= Canaanville, Ohio =

Unincorporated community in Ohio, U.S.

Canaanville /ˈkeɪnənvɪl/ is an unincorporated community in Canaan Township, Athens County, Ohio, United States. It has an elevation of 630 ft and is located at .

According to the Centennial Atlas of Athens County (1905), the community originally called Canaanville was slightly to the west, west of where Ohio State Route 690 now intersects with US Route 50. There still is an historic house at that location, at the intersection of McAfee Road with the connector road to US-50 at County Road 24A. The community now called Canaanville was then called Detroit. Both communities were originally on the railroad: at first, the Marietta and Cincinnati Railroad, which was later the B&O Railroad. Today, that line has been long since abandoned and obliterated.

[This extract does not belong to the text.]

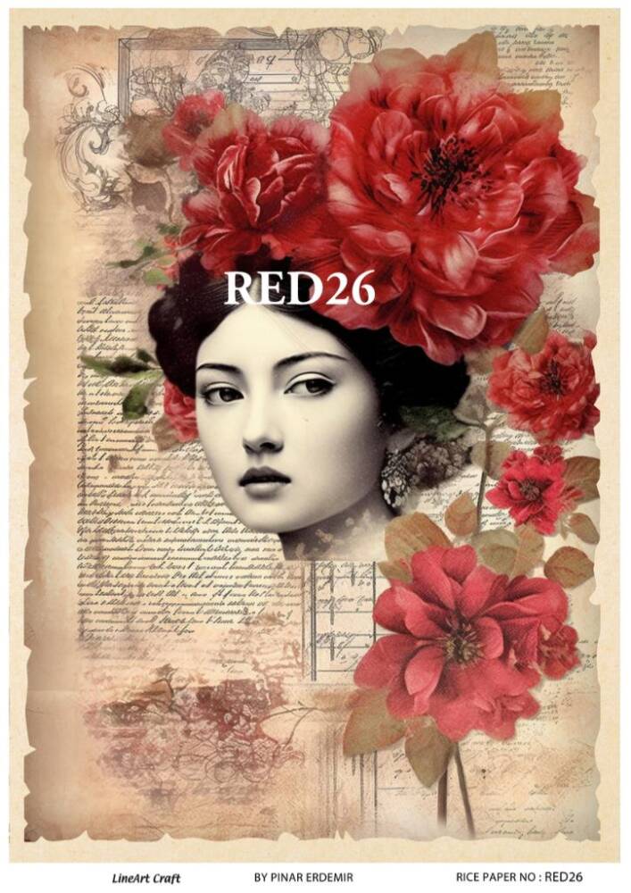 LineArt Kırmızı Gül Desenli Pirinç Dekopaj - Model : RED 26, pirinç çeltiğinden üretilmiş, her türlü hobi projesinde kullanılabilen, dekopaj tutkalı ile yapıştırılabilen, yapıştırıldığı yüzeyde hava kabarcığı bırakmayan, birinci kalite dekopaj kağıdıdır. Pirinç Dekopajların üzerleindeki desenler, kullanıldığı ürünün görkemli ve üst düzey gözükmesini sağlamaktadır.

One of the oldest houses in Athens County lies on the east side of Canaanville, known as the Savage-Stewart House. For a period of some years, there was a restaurant and bakery on the north side of Canaanville, known as the Big Chimney Bakery because of the old chimney of a mining facility.

When US Route 50 was upgraded to a four-lane divided highway, Canaanville was cut in two lengthwise. Today, there are roads fronting on both sides of the highway, each with a row of houses on the side away from the highway.